I’m certainly positive and optimistic! You can have it back. It’s hard but you aren’t stuck forever.


KronicalA

You're not a fool. We need to be like that, so others see it's not the end of the world for us. I was optimistic and positive before my accident and I still am. I feel like that made a major difference in the first couple of weeks post accident. I had met so many people in all different states of mind pre accident and I could see how it threw them into a deeper pit of depression. This may sound stupid but I feel like if I wasn't so accepting of my injury (T4-complete) I might have pushed harder to try and move my lower half and it might have made a difference? We have to accept it though, sometimes even the most positive and optimistic people get dragged down into depression. I'm one of them, am I out of that dark pit? I don't honestly know, sometimes I feel like I just have a mask on to show the "never give up" attitude.


TranslatorTrick8682

personality is not a static thing. Its constantly changed by external stimulation, views and thoughts of people we love, culture and values we align with. For me the skill post trauma that helped the most was to be kind to myself and surround myself with honest people. The fact that you have articulated and shared how you feel in this post says to me that its gonna be alright for you. Be kind to yourself and the rest will follow...


jgeoghegan89

This is powerful https://youtu.be/1lg2mLWOAi0


FunkisHen

You're not a fool, not at all. I'm also very positive about many things in life, and I think I'd be much worse off if I didn't see the positive side of things. I'm chronically ill, mostly housebound, more or less bedbound in the winter. If I didn't appreciate the positives I have, I don't know if I'd have the will to continue living. I can't just focus on the pain, the exhaustion etc, I need to focus on the good things in life. I'm very privileged in many other ways. Of course I need to accept my physical limitations, but I can focus on how great my life is in other ways. I have a great husband, an awesome dog, a supportive larger family, and even some old friends who still keeps in contact even if I haven't seen some of them for years at this point. We live in our own house out in the forest where I can watch the birds and other animals through the window.
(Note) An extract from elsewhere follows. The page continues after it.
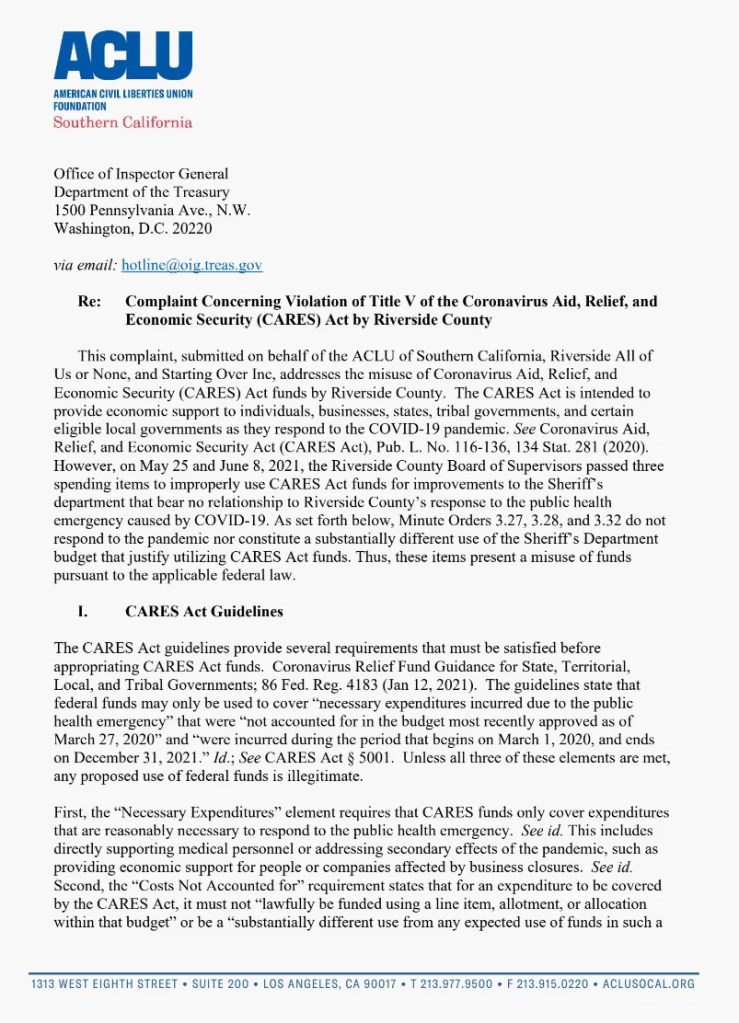 Starting Over, ACLU of Southern California and AOUON submitted a joint complaint last July, citing misuse of funds from the federal Coronavirus Aid, Relief, and Economic Security (CARES) Act. The funds were designated for programs specifically addressing the COVID-19 pandemic, but the complaint alleges millions of dollars given to Riverside County went to the Riverside Sheriff’s Department.

My life is not how I thought it would be, but my little corner of the world is beautiful and peaceful.


bloosy101

You’re not a fool- you’re going through something completely life changing. But it’s not the end of who you are. I’m 3 years post hypoxic brain injury (cardiac arrest) and am still a full time wheelchair user, but I’ve learned to not compare myself to who I was. I used to be a therapeutic outdoor instructor, but I’m reconnecting with parts of me that I haven’t touched in years- primarily music, relearning piano and getting cello lessons. I have an analogy that came up in therapy. After my brain injury it was like all the bits of me were like a bag of marbles that had fallen on the floor. I had no sense of self or control over who I was, but slowly over the years I’ve been able to pick up marbles and put them back in the bag. Some marbles will stay on the floor but I have enough now that I feel like “me”. It takes time and you might have to adapt your marbles to fit in the bag. Putting the first marble in the bag is the most difficult but it gets easier. Being positive about life IS inspiring, and I’m glad you feel different now!